(Saved entries)
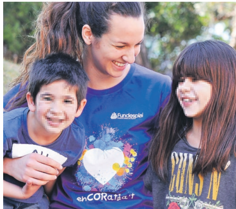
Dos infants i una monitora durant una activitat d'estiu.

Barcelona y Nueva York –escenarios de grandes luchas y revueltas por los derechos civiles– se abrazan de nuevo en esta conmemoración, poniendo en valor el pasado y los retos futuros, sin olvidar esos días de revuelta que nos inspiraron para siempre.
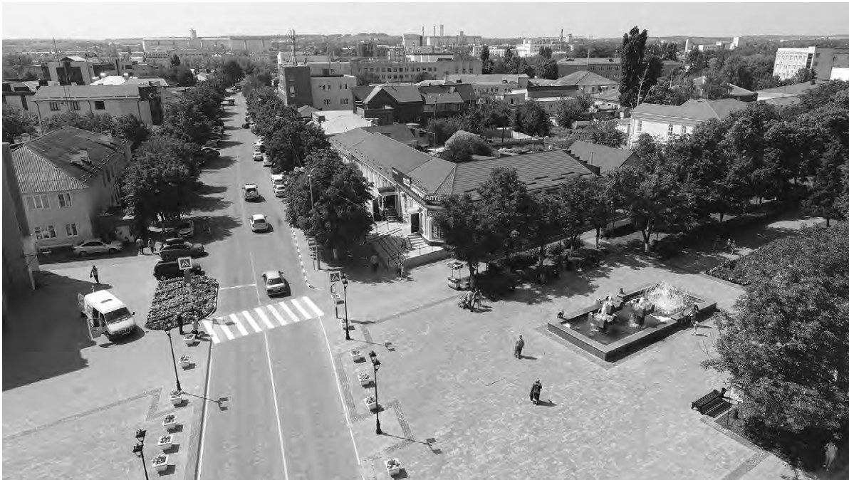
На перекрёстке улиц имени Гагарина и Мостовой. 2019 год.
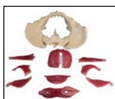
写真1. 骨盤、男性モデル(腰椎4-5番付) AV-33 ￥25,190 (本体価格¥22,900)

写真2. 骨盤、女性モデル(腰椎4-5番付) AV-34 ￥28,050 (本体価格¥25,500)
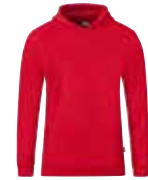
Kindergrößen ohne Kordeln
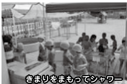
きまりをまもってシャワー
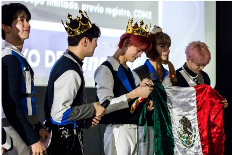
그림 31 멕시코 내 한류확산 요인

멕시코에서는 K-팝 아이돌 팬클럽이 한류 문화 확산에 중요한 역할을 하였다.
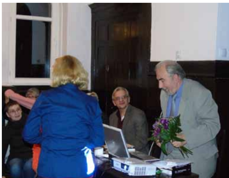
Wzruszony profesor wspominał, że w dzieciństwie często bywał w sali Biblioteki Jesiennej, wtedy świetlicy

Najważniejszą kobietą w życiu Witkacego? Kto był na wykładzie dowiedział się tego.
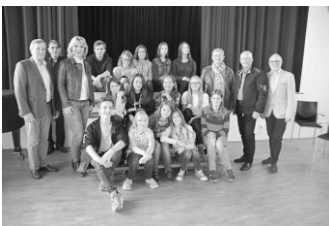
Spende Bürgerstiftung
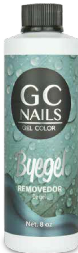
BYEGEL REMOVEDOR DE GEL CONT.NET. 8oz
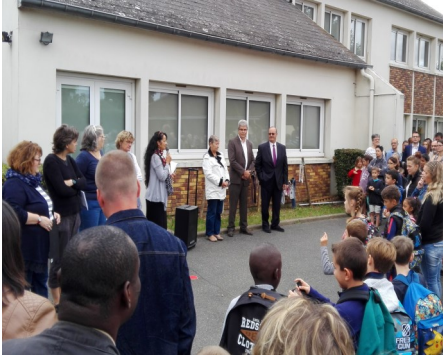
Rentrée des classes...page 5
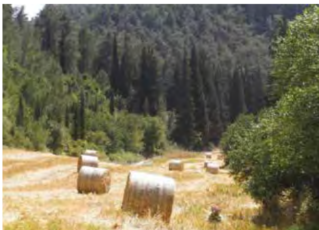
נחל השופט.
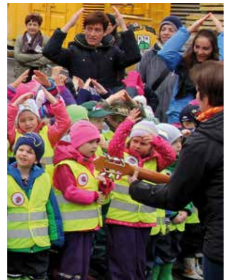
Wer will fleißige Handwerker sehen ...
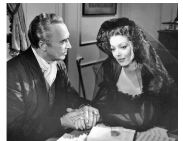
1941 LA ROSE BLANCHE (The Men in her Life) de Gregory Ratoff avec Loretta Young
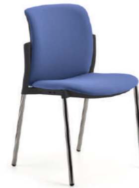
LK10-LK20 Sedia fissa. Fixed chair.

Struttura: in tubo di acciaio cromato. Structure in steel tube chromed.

■ About this task:
Copy nothing outside the span: please output the lines from the one with "写真1. 骨盤、男性モデル(腰椎4-5番付) AV-33" through the end of the entries above, and skip the pictures.

■ Solution for this exercise:
写真1. 骨盤、男性モデル(腰椎4-5番付) AV-33 ￥25,190 (本体価格¥22,900)

写真2. 骨盤、女性モデル(腰椎4-5番付) AV-34 ￥28,050 (本体価格¥25,500)
Kindergrößen ohne Kordeln
きまりをまもってシャワー
그림 31 멕시코 내 한류확산 요인

멕시코에서는 K-팝 아이돌 팬클럽이 한류 문화 확산에 중요한 역할을 하였다.
Wzruszony profesor wspominał, że w dzieciństwie często bywał w sali Biblioteki Jesiennej, wtedy świetlicy

Najważniejszą kobietą w życiu Witkacego? Kto był na wykładzie dowiedział się tego.
Spende Bürgerstiftung
BYEGEL REMOVEDOR DE GEL CONT.NET. 8oz
Rentrée des classes...page 5
נחל השופט.
Wer will fleißige Handwerker sehen ...
1941 LA ROSE BLANCHE (The Men in her Life) de Gregory Ratoff avec Loretta Young
LK10-LK20 Sedia fissa. Fixed chair.

Struttura: in tubo di acciaio cromato. Structure in steel tube chromed.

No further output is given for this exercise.